As details surrounding OPEC’s groundbreaking decision to cut production by 1.2 million barrels a day emerge, it is becoming increasingly clear that the deal would not have been possible without the active intermediary role of the Russian President Vladimir Putin.
Not only was Putin able to help settle the differences between two major OPEC rivals – Saudi Arabia and Iran, but, he also got Russia – a non OPEC member state – involved in a OPEC deal for the first time in 15 years.
Russian President Vladimir Putin played a crucial role in helping OPEC rivals Iran and Saudi Arabia set aside differences to forge the cartel’s first deal with non-OPEC Russia in 15 years.
Interventions ahead of Wednesday’s OPEC meeting came at key moments from Putin, Saudi Deputy Crown Prince Mohammed bin Salman and Iran’s Supreme Leader Ayatollah Ali Khamenei and President Hassan Rouhani, OPEC and non-OPEC sources said.
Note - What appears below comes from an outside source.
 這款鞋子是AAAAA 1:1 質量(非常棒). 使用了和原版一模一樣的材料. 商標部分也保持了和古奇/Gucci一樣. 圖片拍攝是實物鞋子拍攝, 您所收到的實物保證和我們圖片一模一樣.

Putin’s role as intermediary between Riyadh and Tehran was pivotal, testament to the rising influence of Russia in the Middle East since its military intervention in the Syrian civil war just over a year ago.
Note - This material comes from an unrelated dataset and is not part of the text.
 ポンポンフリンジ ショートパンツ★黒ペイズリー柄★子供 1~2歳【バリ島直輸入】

It started when Putin met Saudi Prince Mohammed in September on the sidelines of a G20 gathering in China. The two agreed to cooperate to help world oil markets clear a glut that had more than halved oil prices since 2014.
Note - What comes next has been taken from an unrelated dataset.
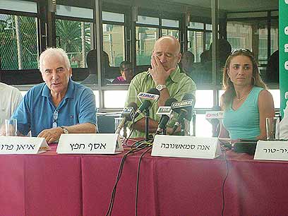 סמאשנובה בחברת יו"ר האיגוד אסף חפץ ופרומן (ערן קמינסקי)

In September, OPEC agreed in principle at a meeting in Algiers to reduce output for the first time since the 2008 financial crisis. But the individual country commitments required to finalize a deal at Wednesday’s Vienna meeting still required much diplomacy.
Recent OPEC meetings have failed because of arguments between de facto leader Saudi Arabia and third-largest producer Iran. Tehran has long argued OPEC should not prevent it restoring output lost during years of Western sanctions.
Proxy wars in Syria and Yemen have exacerbated decades of tensions between the Saudi Sunni kingdom and the Iranian Shi’ite Islamic republic.
Putin established that the Saudis would shoulder the lion’s share of cuts, as long as Riyadh wasn’t seen to be making too large a concession to Iran. A deal was possible if Iran didn’t celebrate victory over the Saudis.
A phone call between Putin and Iranian President Rouhani smoothed the way. After the call, Rouhani and oil minister Bijan Zanganeh went to their supreme leader for approval, a source close to the Ayatollah said.
On Wednesday, the Saudis agreed to cut production heavily, taking “a big hit” in the words of energy minister Khalid al-Falih – while Iran was allowed to slightly boost output.